- Assigned task
What follows is a listing; repeat exactly, and only, its lines from the one holding "banhado a ouro 18K" through the last, leaving any pictures out.

Data section below:

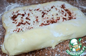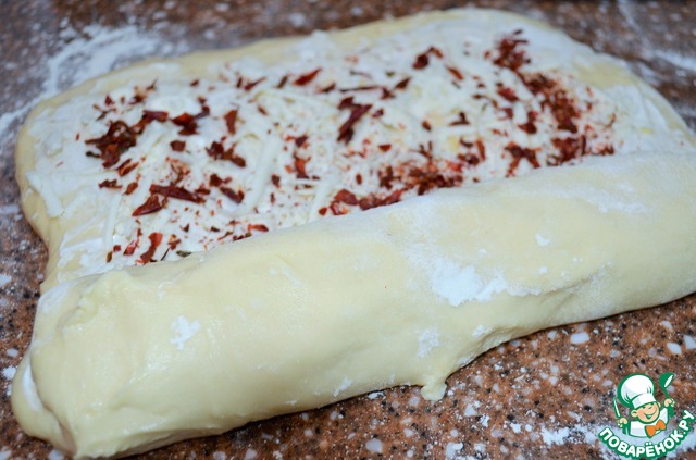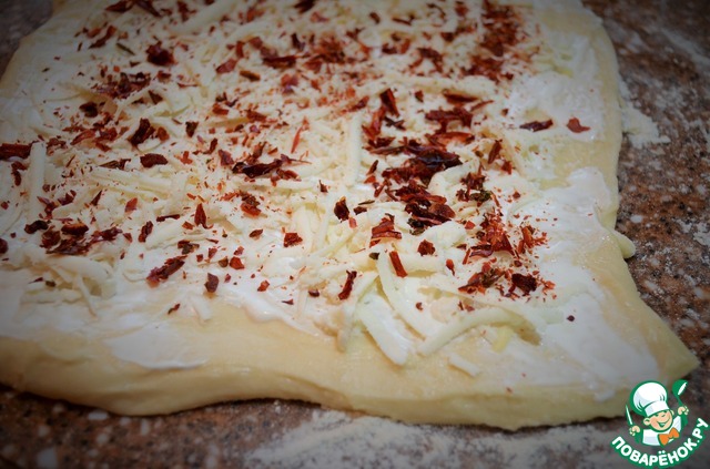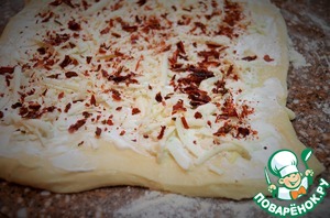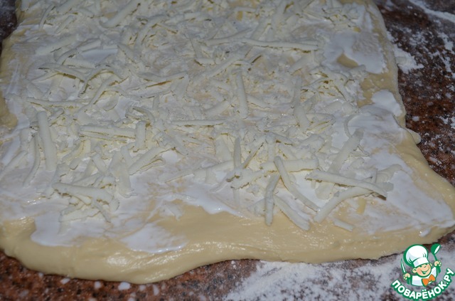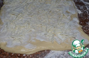 Выложить тесто на припыленный мукой стол, разделить на две части - 1/3 и 2/3. Большую часть размять руками или раскатать скалкой, смазать 10 г. сметаны. Сыр натереть и распределить по тесту.
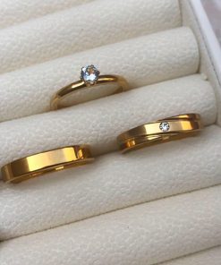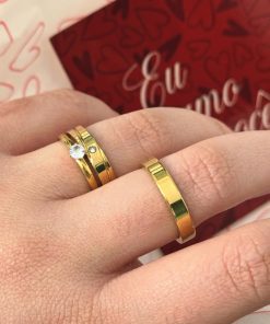 • 1 Par de alianças em aço cirúrgico banhado a ouro 18K
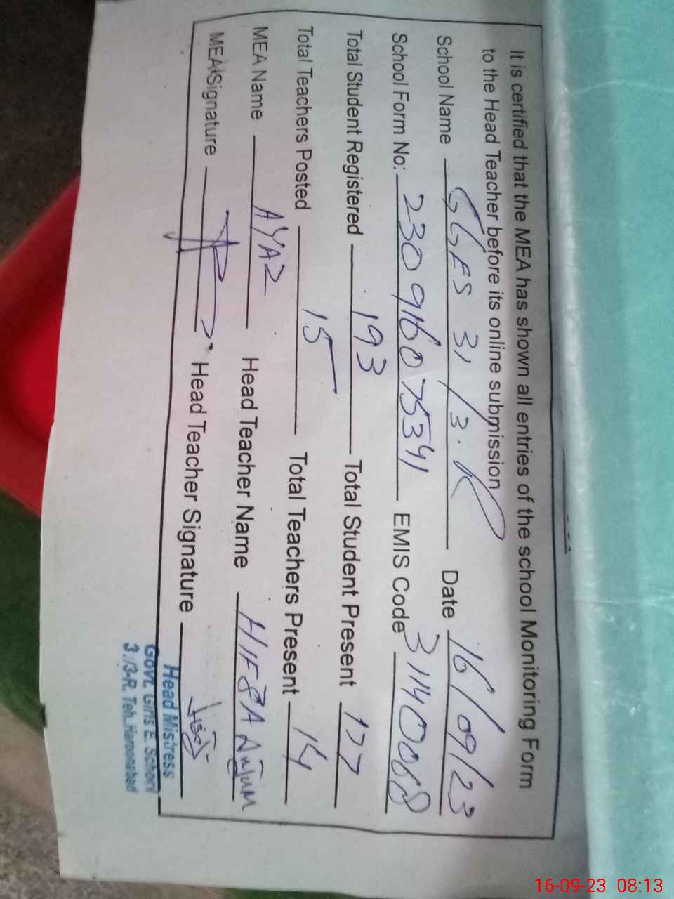 | Certified that this School was Inspected by the Undersigned MEA/DMO Today and the Information Stated Above is as Per Record. | |||||

End of Data section.

- Solution to this problem
 • 1 Par de alianças em aço cirúrgico banhado a ouro 18K
 | Certified that this School was Inspected by the Undersigned MEA/DMO Today and the Information Stated Above is as Per Record. | |||||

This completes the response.